Sie lachte und trank ruhig ihren Thee.

»Ihr Leute« die Ihr sehen könnt, legt einen so albernen Werth auf Eure Augen. Ich setze meinen Tastsinn gegen Ihre Augen als den bei Weitem zuverlässigeren und intelligenteren von beiden Sinnen ein. Wenn die Liebe zu Oscar nicht meine Gefühle so ausschließlich erfüllte, wissen Sie, was ich, wenn es möglich wäre, der Wiederherstellung meiner Sehkraft bei Weitem vorgezogen hätte? Aber«, fügte sie im Tone komischer Resignation hinzu, »es ist leider nicht möglich.«

»Was ist unmöglich?«

Sie erhob plötzlich ihre beiden Arme über den Frühstückstisch und sagte:

»Was ich gewünscht hätte, wäre eine ganz unerhörte Verlängerung dieser beiden Arme gewesen. Dann könnte ich mit meinen Händen besser erkennen, was in der Ferne vorgeht, als Ihr mit Euren Augen und Euren Ferngläsern. Welche Zweifel würde ich nicht zum Beispiel in Betreff des Planetensystems für die Sehenden beseitigen können, wenn ich nur weit genug reichen könnte, um die Sterne zu berühren.«

»Wie können Sie nur solchen Unsinn reden, Lucilla?«

»Rede ich denn Unsinn? Sagen Sie mir doch, wer sich im Dunkeln besser zurechtfinden kann, ich mit meinem Tastsinn, oder Sie mit Ihren Augen? Wer von uns Beiden, Sie oder ich, hat einen Sinn, auf den man sich alle Zeit, bei Tage wie bei Nacht, verlassen kann? Wenn Oscar nicht wäre, und ich rede jetzt vollkommen wahrhaft, würde ich viel lieber den Sinn, den ich bereits besitze, vervollkommnen, als mir einen neuen Sinn aneignen. Bevor ich Oscar kannte, habe ich, das kann ich aufrichtig versichern, niemals Jemanden um seine Augen beneidet.«

»Sie setzen mich in Erstaunen« Lucilla.«

Sie klapperte ungeduldig mit ihrem Theelöffel in der leeren Tasse hin und her.

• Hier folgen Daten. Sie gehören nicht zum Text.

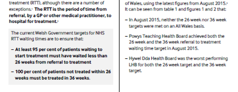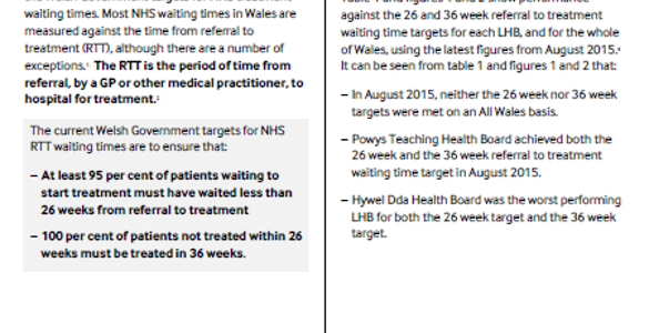 This briefing provides information on the performance of Local Health Boards (LHBs) against the Welsh Government targets for NHS treatment waiting times. Most NHS waiting times in Wales are measured against the time from referral to treatment (RTT), although there are a number of exceptions. NHS Referral to Treatment Waiting Times (PDF, 879 KB)

»Können Sie sich selbst bei hellem Tageslicht immer auf Ihre Augen verlassen?« brach sie aus. »Wie oft täuschen dieselben Sie über die einfachsten Dinge? Was war es doch, worüber Ihr Alle neulich im Garten disputirtet, als Ihr nach einem entfernten Punkt sahet?«

»Ja richtig, wir betrachteten die Aussicht jenseits der Baumallee an der anderen Seite der Kirchhofsmauer.«

»Ein Gegenstand in der Allee hatte Eure Aufmerksamkeit auf sich gelenkt, nicht wahr?«

»Jawohl, ein Gegenstand am unteren Ende derselben.«

»Ich hörte Euch hier oben disputiren. Trotz Eurer wundervollen Augen waret Ihr Alle verschiedener Ansicht. Mein Vater sagte, es bewege sich; Sie sagten, es stehe still; Oscar behauptete, es sei ein Mensch; meine Stiefmutter erklärte es für ein Kalb; Nugent lief hin, um den merkwürdigen Gegenstand in der Nähe zu untersuchen. Und was fand er? Den Stumpf eines alten Baumes, den der Wind in der Nacht zerschmettert und quer über den Weg geworfen hatte. Warum soll ich Leute um einen Sinn beneiden, der ihnen solche Streiche spielt? Nein, nein, Herr Grosse soll mir den Staar stechen, wie er es nennt, weil ich einen Mann heirathen will, den ich liebe und weil ich närrisch genug bin, mir einzubilden, daß ich ihn noch mehr lieben werde, wenn ich ihn sehen kann. Vielleicht habe ich ganz Unrecht«, fügte sie schelmisch hinzu, »vielleicht werde ich ihn schließlich nicht halb so lieb haben wie jetzt.«

Ich dachte an Oscar’s Gesicht, und mich überkam eine wahre Angst, daß ihre Worte vielleicht einen viel ernsteren Sinn haben möchten, als sie selbst ahne. Ich versuchte es, einen anderen Gegenstand aufs Tapet zu bringen. Aber nein! Ihre reiche Einbildungskraft hatte sich schon wieder in eine andere Region verstiegen, bevor ich ein Wort sagen konnte.

»Ich stelle mir«, sagte sie nachdenklich, »unter »hell« alles Schöne und Himmlische, und unter »dunkel« alles Gemeine, Schreckliche und Teuflische vor. Ich bin begierig, wie »heil« und »dunkel« mir erscheinen werden, wenn ich werde sehen können.«

»Ich glaube«, antwortete ich, »die Wirklichkeit wird Ihrer Vorstellung durchaus nicht entsprechen und Sie in das höchste Erstaunen versetzen.«

Sie fuhr zusammen. Ich hatte sie unabsichtlich beunruhigt.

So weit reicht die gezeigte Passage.